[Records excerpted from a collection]
________
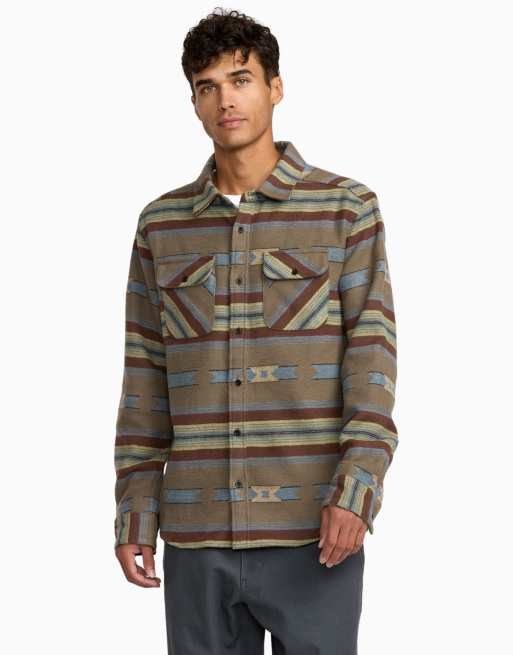 RVCA Dayshift blanket flannel long sleeve shirt in mushroom
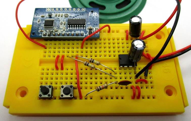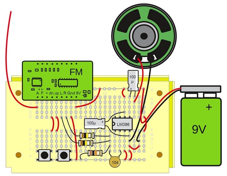 Die Radioplatine liefert eigentlich ein Stereo-Signal an den Ausgängen L und R. Weil aber nur ein Lautsprecher vorhanden ist, werden der linke und der rechte Kanal über zwei Widerstände mit jeweils 100 kΩ zusammenaddiert.
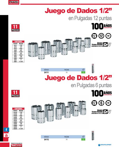 Juego de dados cuadro de 1/2″, 6 puntas, en pulgadas, 11 piezas Urrea
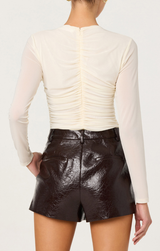 Elevate your holiday wardrobe with the Yasmine Top, a playful twist on festive elegance. This off-white beauty features charming ruched detailing throughout for a flattering silhouette, paired with a chic button keyhole at the front for that perfect peek-a-boo moment. A hidden back zipper keeps things seamless and sophisticated, while long sleeves provide cozy coverage. Whether you're heading to a party or a casual gathering, this soft, versatile piece is ready to steal the spotlight.
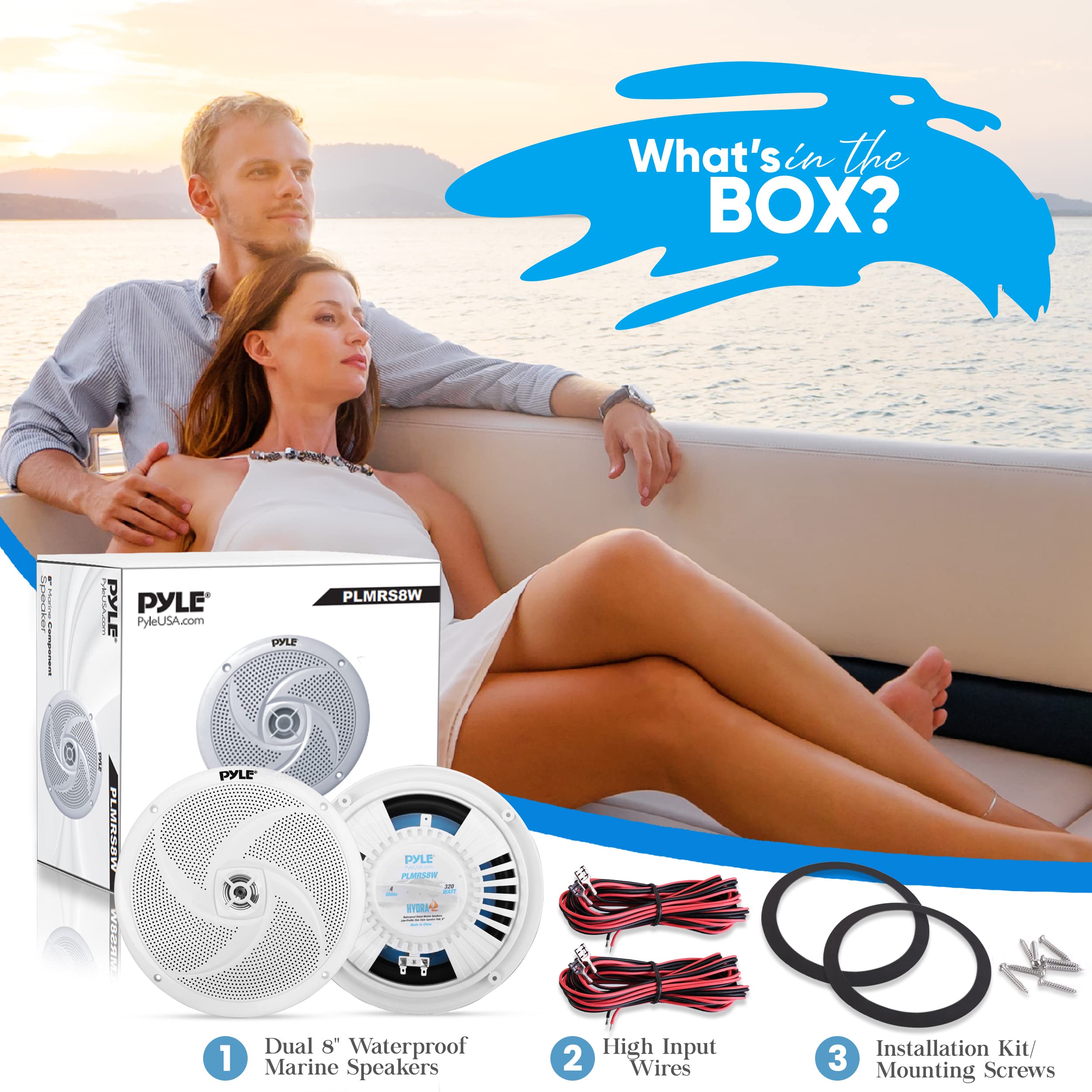 Pyle PLMRS8W 8'' 320 Watt Max Power Low Profile 2-Way Marine Speakers (White, Pair) (x2)
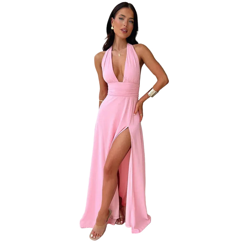 Women’s Halter Neck Maxi Dress with Open Back and Side Slit
________
▶ [EXERCISE PROMPT]: Could you set down nothing but the lines from the one containing "Pyle PLMRS8W 8''" through the last line of the records above, both ends included, exactly as given and free of pictures?

▶ [SOLUTION]:
 Pyle PLMRS8W 8'' 320 Watt Max Power Low Profile 2-Way Marine Speakers (White, Pair) (x2)
 Women’s Halter Neck Maxi Dress with Open Back and Side Slit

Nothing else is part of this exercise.